RGring / drl_local_planner_ros_stable_baselines

BSD 3-Clause "New" or "Revised" License
133 stars 36 forks source link

Issue loading pre-trained models #9

Closed danieldugas closed 3 years ago

danieldugas commented 3 years ago

Hi,

I've been trying to load the PPO2 models

PPO2.load("example_agents/ppo2_1_raw_data_cont_0/ppo2_1_raw_data_cont_0.pkl")

And get the following error: ValueError: Cannot feed value of shape (1344, 256) for Tensor 'Placeholder_4:0', which has shape '(1600, 256)'

I did some digging, one one hand the weights saved in your pickle file are for a fc1 layer of size 1344, 256. On the other hand, the conv1d operations defined in your custom stable-baselines fork lead to a fc1 layer of size 1600, 256.

In order for the weights to be the correct size (1344, 256), the output of the second conv1d should be of size (?, 21, 64), but instead we obtain (?, 25, 64).

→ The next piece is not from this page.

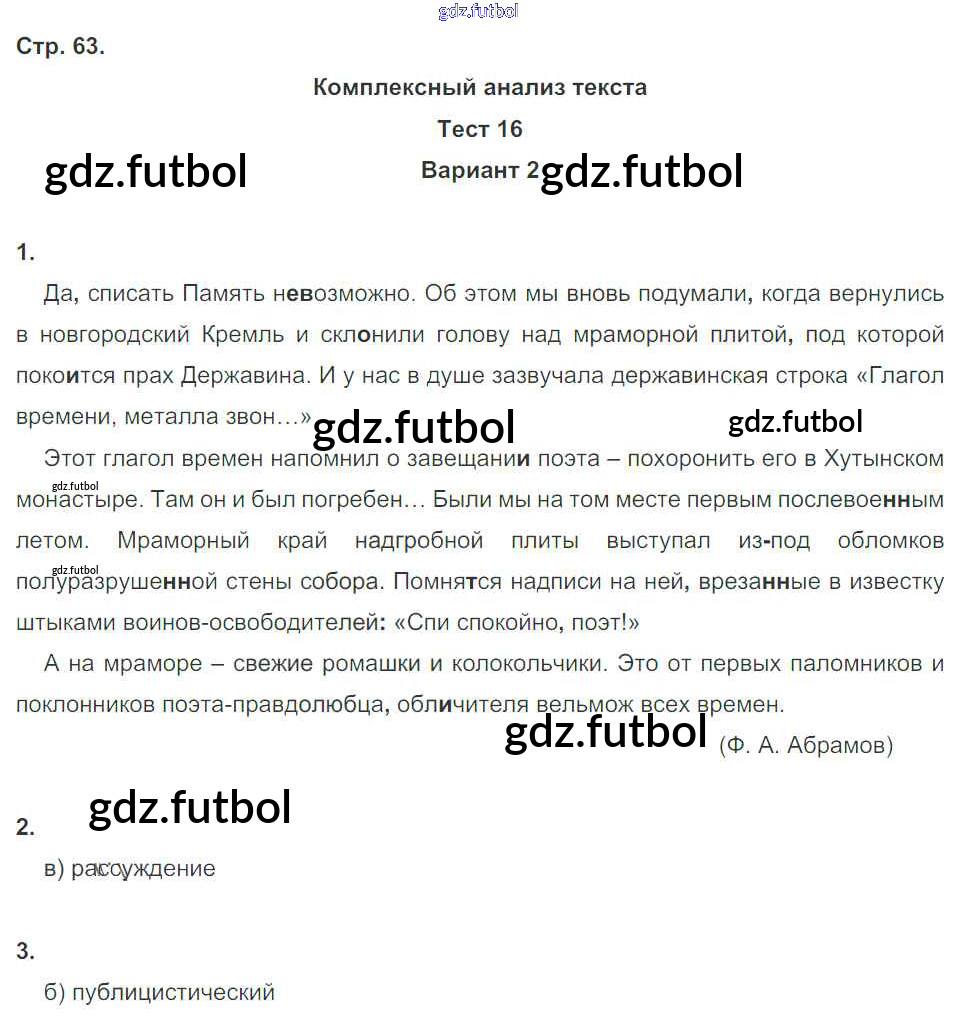 Готовые домашние задания по Русскому языку за 7 класс Книгина Тесты 2012 ФГОС - Часть 2. Страницы 63

In common_custom_policies.py

def laser_cnn_multi_input(state, **kwargs):
    """
    1D Conv Network

    :param state: (TensorFlow Tensor) state input placeholder
    :param kwargs: (dict) Extra keywords parameters for the convolutional layers of the CNN
    :return: (TensorFlow Tensor) The CNN output layer
    """
    # scan = tf.squeeze(state[:, : , 0:kwargs['laser_scan_len'] , :], axis=1)
    scan = tf.squeeze(state[:, : , 0:kwargs['laser_scan_len'] , :], axis=1)
    wps = tf.squeeze(state[:, :, kwargs['laser_scan_len']:, -1], axis=1)
    # goal = tf.math.multiply(goal, 6)

    kwargs_conv = {}
    activ = tf.nn.relu
    layer_1 = activ(conv1d(scan, 'c1d_1', n_filters=32, filter_size=5, stride=2, init_scale=np.sqrt(2), **kwargs_conv))
    layer_2 = activ(conv1d(layer_1, 'c1d_2', n_filters=64, filter_size=3, stride=2, init_scale=np.sqrt(2), **kwargs_conv))
    layer_2f = conv_to_fc(layer_2)

where conv1d is defined here

I've been making sure to use tensorflow 1.13.1.

Could it be that you used a different version of the conv1d code during training?

RGring commented 3 years ago

Hi. I will have a look... Just wondering, if the same problem also occurs on the discrete agent?

danieldugas commented 3 years ago

I'm seeing the same problem with the discrete agent, yes.

RGring commented 3 years ago

Hi. I can reproduce your error. It happens to me, when I do not launch the simulation (step 4 in "Run pretrained Agents" --> "Run agent trained on raw data, discrete action space, stack size 1"). Can you check, if you have started the simulation? Unfortunately, it is not possible to have all in one launch-file, because the DRL-component runs with python3 and ROS runs with python2.

Though, I don't see yet the connection between the error message and the missing simulation, but it solved it for me :).

Looking forward to your feedback

RGring commented 3 years ago

I also added some examples to run the pre-trained agents in docker in case you want to try that.

danieldugas commented 3 years ago

After looking inside the docker build, I was able to pinpoint the right value for the rosparam, and to get the pretrained models to load with the non-forked stable-baselines, and without ROS.

see here

If you're interested I can make a PR. In any case, thanks for your help!

RGring commented 3 years ago

Hi Daniel, Thanks for your feedback and the improvements. You are very welcome to make a PR!